きっと人々を感動させて見せる
一九一四年の十一月二十四日、アルバートホールに立つ日はやって来た。アデリナ・パティは有名なダイヤモンドの愛好家だったから、頭の先から足許までダイヤモンドで飾り立てるだろうという噂さだった。
だが私は、レフィティ(戦いに追われた者)だった。着物一枚ありはしない。朝は十時から南條夫人の御宅へ出かけて桃割れに結って貰うのに午後三時迄かかる始末だった。着物は井上大使夫人のを拝借して、さてこれでいつホールへ出かけてもいいとなった時、南條さんの奥さん達は私にいうのだった。
「環さん、大丈夫ですか。上ってしまっては駄目よ。心配なことはないの。」
「否(いいえ)、奥さん、私はちっとも心配なことありませんわ。私きっとうまくやってのける自信がありますもの。」
「そんならいいけれど、ああ環さんより私の方が余程心配で、いても立ってもいられないわ。だって今夜は、キング・ジョージも、クイン・メリイもいらっしゃるんでしょう。本当に環さん、日本のためにね、しっかりやってちょうだい。お願いするわ。」
不思議なことに私は少しも興奮してはいなかった。きっと人々を感動させて見せる。させずにはおかないという、火のような私の決心は、私に不思議な自信と落ちつきとを与えてくれた。
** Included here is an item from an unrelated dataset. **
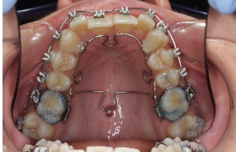
ALF with Delta Force Brackets. TPA and tongue training ball for active tongue thrust therapy.

私は自分の弱気な心のかげに、芸術に対してはあくまで負けず嫌いの太々しい魂が存在しているのを、その時感じたのであった。
当夜はメリイ、ジョージの両陛下を初め、宮様や大臣が、悉(ことごと)く集まり、実に盛大な音楽会だった。
コーラスは有名なウエストミンスター寺(アベイ)の千人のコーラス隊オーケストラも三百人からの大オーケストラだった。
自分の声が世界一だという、今から思えばすさまじい自信は、私をおめず臆せずそのコーラスやオーケストラを向うにまわして、「リゴレット」の中の「なつかしき御名」を歌いおおせさせたのであった。
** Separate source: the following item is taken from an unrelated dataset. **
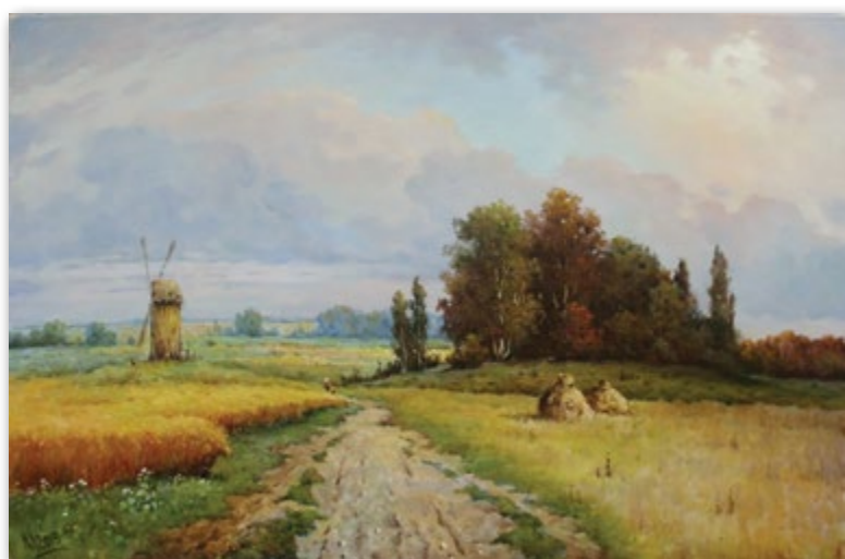
No69 : Grain is ripe canvas, oil, 50x80, 2015 : Pain était mûr : huile sur toile, 50x80, 2015

ステージを引いて控室へかえってくると、一番先きに私を抱いて泣いてくれたのは、誰あろうアデリア・パティだった。アデリアは伊太利〔イタリア〕人で、大変な情熱家だったが其頃はすでに七十三歳の高齢だった。私もアデリアの後進を労わってくれる熱い其気持ちがものもいわずともひしひしと胸に来て、涙が後から後からとこみあげて来た。
私はアデリアが、アンコールに答えて、ホーム・スイート・ホームを歌うのをかげから聞いていたが、そんなポピュラーな歌曲であり乍ら、ああ、歌とはこんなものかと何ともいえぬ感動に胸の痒(かゆ)くなる思いで、とてもとても自分などアデリアの足許にも及ぶものではないと、初めて自分こそ世界第一とうぬぼれていた自信の鼻を折られたのだった。
其夜私がアデリアの歌を聞いたということは、私の芸術のためには此上ない救いであった。
そしてそれは私の三十歳の秋の、もっとも記念すべき夜であった。
さあこれから私はふんばってうんとやるぞと、新しく芸術に対してもり上ってくる自分の力を身内に感じずにはいられなかった。